There have been tremendous trends toward passive management. The past years have really supercharged that. As the equity indexes get more and more concentrated, and the fewer and fewer stocks in the stock market indexes are driving all of the performance, that creates the perfect environment for passive to outperform active.

We don’t believe that is sustainable. We think that the level of concentration that the markets are at today is beyond anything that we’ve seen in history. And as the market inevitably becomes less concentrated—we don’t know when, and we don’t even really know exactly how or why, but we know that it will—the ability to add value as an active manager will really come to the fore.

What issues are you looking at in Washington and how are they affecting the mutual fund business? What is on your wish list when it comes to Washington?

We have a team of 300-plus investment professionals that are working all day in their areas of expertise to understand how even the slightest change on the margin of policies—both in the U.S. and around the world—can affect the long-term cash flow generation of the companies whose stocks and bonds we invest in.

As we think about our industry, the tax treatment of mutual funds is something that could be fixed at the congressional level. There isn’t a lot of appetite for that at the moment. But we think it would be a really great service to the end investor if mutual funds could be taxed on par with other strategies.
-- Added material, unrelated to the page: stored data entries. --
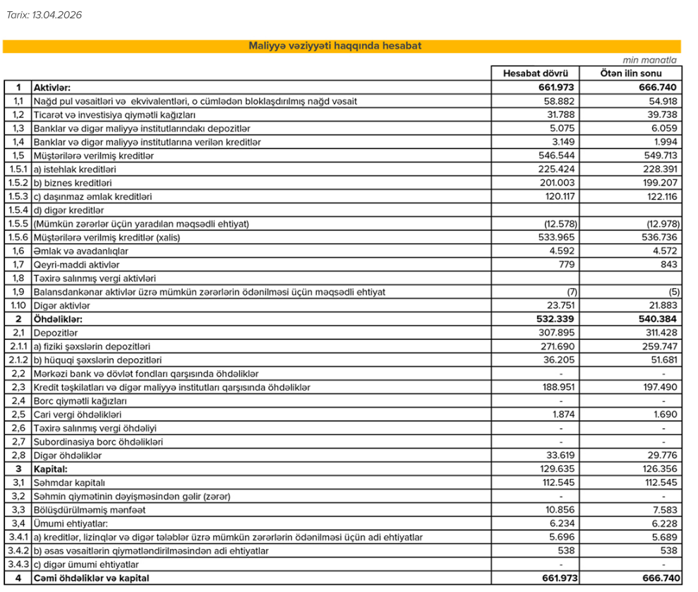 Hesabat dövrünün sonuna Bankın cəmi aktivləri 661,973 milyon manat, depozit portfeli 307,871 milyon manat, kredit portfeli isə 546,543 milyon manat təşkil edib.
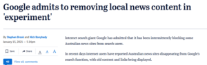 It’s hard to see the need for concern regarding Google’s experiments that have led to Australian media sites not appearing in the news.
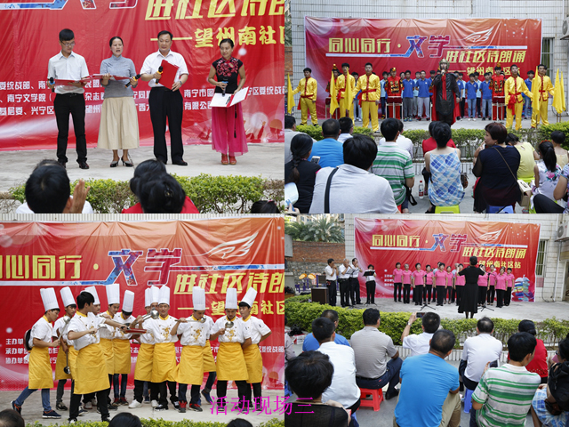 “同心同行”是“文学进社区”活动的又一主题。中共南宁市委统战部以“同心”思想为引领,以统战文化建设为抓手,创新性地开展了多种活动。成立于2001年的望州南社区,曾获“全国和谐邻里建设示范社区”等百余项荣誉称号。正如本站活动的主题诗《望州南社区》中所言,这个团结、和谐的社区“以诚为务有合力,万众同心得净观。”活动中,望州南社区组织的合唱《能帮就帮》、诗朗诵《满江红》、集体舞《烹饪进行曲》这几个接地气的节目与诗朗诵交相辉映,也活跃了现场的气氛。
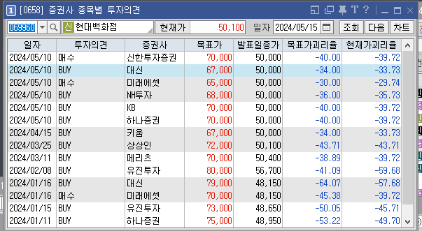 증권사별로 현대백화점의 목표주가는 어떻게 추정하고 있는지와 투자의견은 어떠한지 살펴보겠습니다. 가장 최근에 증권사 신한투자증권에서 설정한 현대백화점 목표가는 70000원이고 투자의견은 '매수'로 설정해놨습니다. 이전에 설정한 목표가 67000원, 65000원도 투자에 참고하시면 좋을것 같습니다
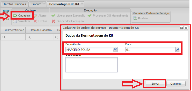 Acceda al Menú: Servicios> Desmontaje del kit, haga clic en el botónREGISTRAR, complete los campos resaltados y haga clic en el botónAHORRAR.
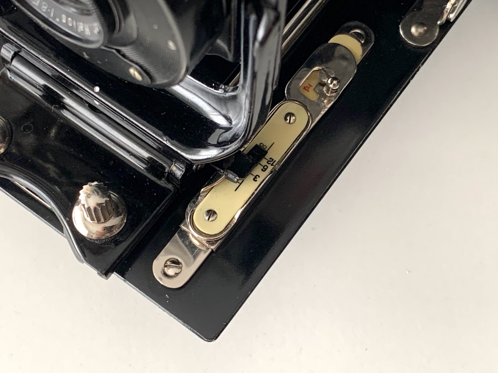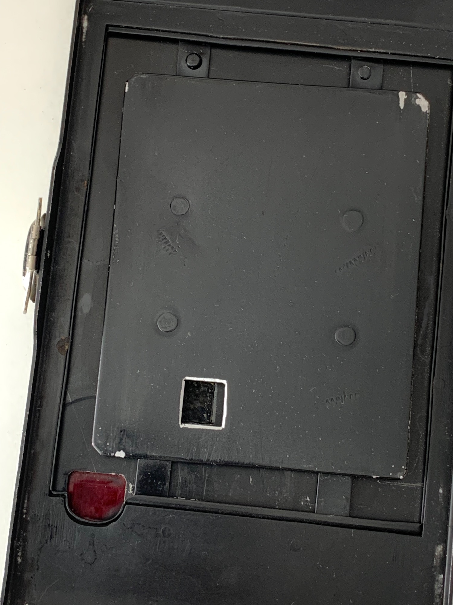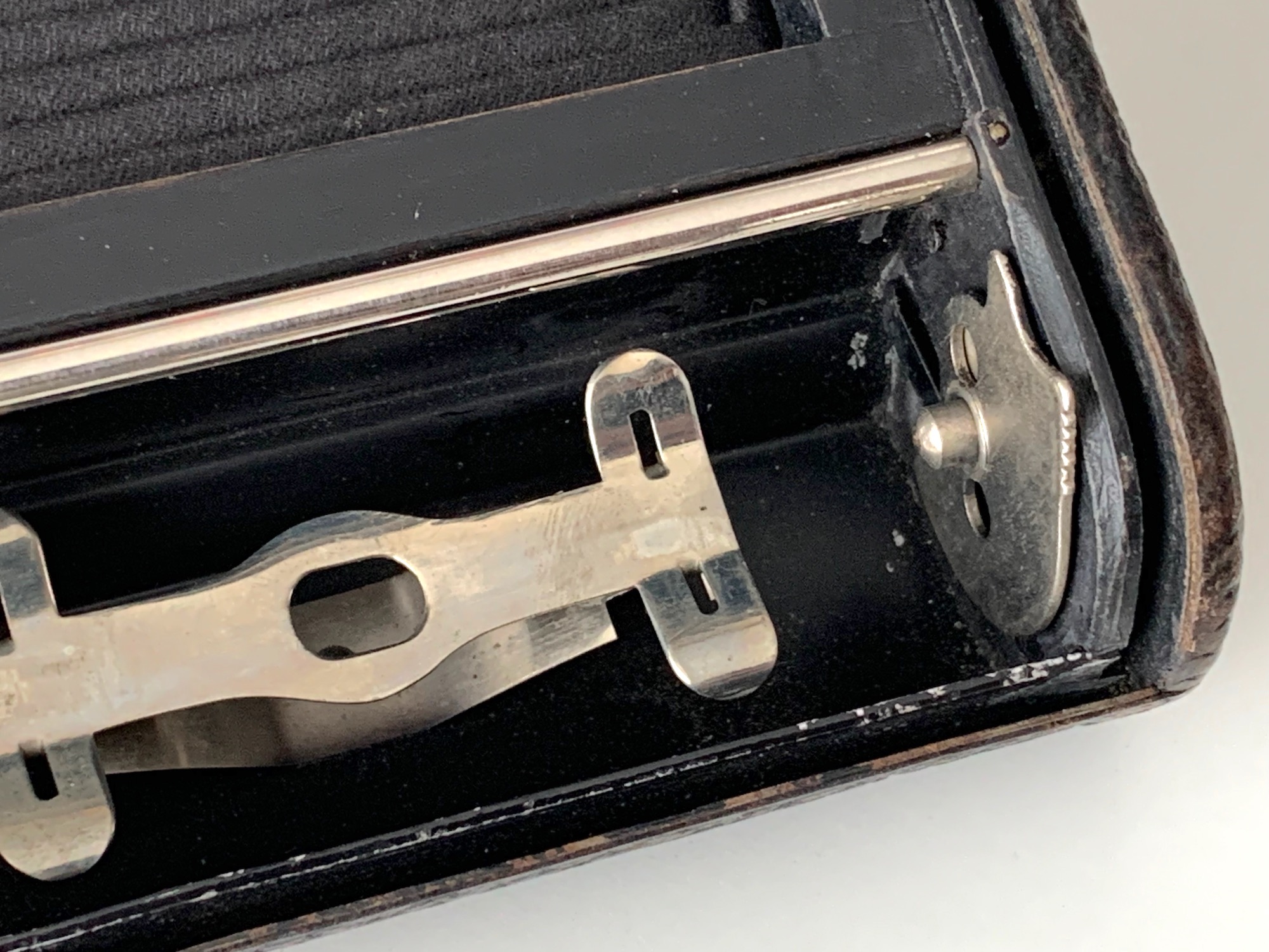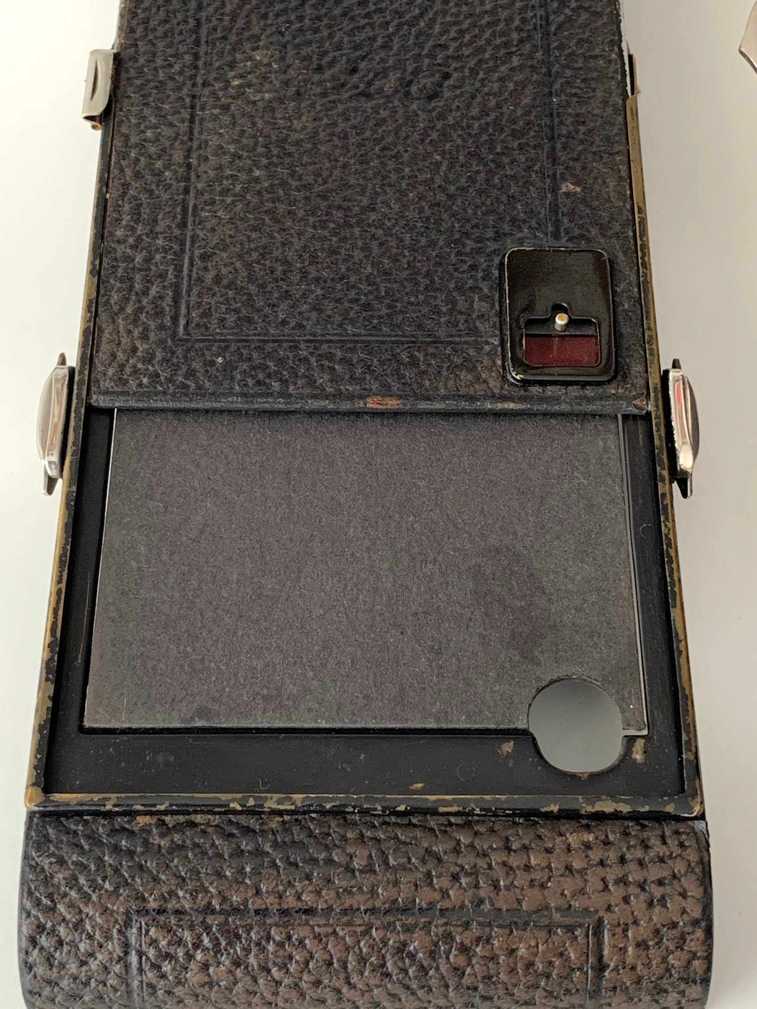 Interessant an diesem Exemplar ist ein Umbau, den ein früherer Nutzer vorgenommen hat und der irgendwann wieder rückgängig gemacht wurde. Die Kamera wurde durch Einlage einer federnden Andruckplatte für 120er Film umgerüstet. (Entsprechende Adapter habe ich schon öfter in solchen Kameras vorgefunden.) Für das Rotfenster wurde eine Bohrung in der Rückwand vorgenommen, die später durch die Belederung wieder geschlossen wurde. Wann das geschehen ist, kann ich nicht sagen; ich habe die Kamera so bekommen.

Are there forces that may be looking to prevent that?

Sure. In the early stages, it would be revenue negative for the federal government. So in an environment where the only revenue negative people are looking for are headline tax cuts, to have sort of this subtle tax cut that people don’t see the direct benefit of on the day that it happens, it isn’t a good headline.

How are your clients feeling about the markets? Optimistic? Pessimistic?

The average end investor is sitting on a tremendous amount of cash, which you can understand when times are uncertain. You can understand folks wanting to sit on the sidelines. We also think over the long term that isn’t in their best interest. So we’re working with our advisor partners to try to help the investing public understand that actually when times are the most scary, that is when you want to make sure that you are invested in risk markets—especially if you have a very long-term time horizon.

This reserve cash is high versus historical levels?

Yes.

What do you consider your competitive set to be?

It has evolved a lot, because the world of investment management has consolidated. There has been a decent amount of mergers and acquisitions in the industry over time, as well as competitors that used to be purely in the private and alternative space coming more into our space. So really anyone who manages money on behalf of a client is a competitor for us.

But we have this much harder competitor, which is called the market. If we can deliver results for our clients against that competitor, we are very confident that we’ll get more than our fair share of the marketplace.

What do you think about this notion of private investment, private market, private equity, private credit being sold to or being bought by retail investors?

It is the dominant trend in our industry, and one that we aren’t participating in.

But we also never say never. Never is dangerous. So I don’t know if it’s never. But at this point, we pretty much stand alone in being a large asset manager who isn’t leaning into the private space. Not because we have major problems with the private space, but because we have so many great opportunities in what we do, so much confidence in what we do for our clients and a real humbleness that that is hard work. We are going to need to marshal all of our efforts to continue to be excellent for our clients.

It seems like you guys don’t like to be on the bleeding edge of things.

Well, we are willing to be if we think there is a real client need.

We have been happy to focus on what is cores to us and be able to sit back and watch how markets are evolving, what client needs are evolving, and make sure that before we go deliver something to a client, we are extremely confident we can deliver them something excellent.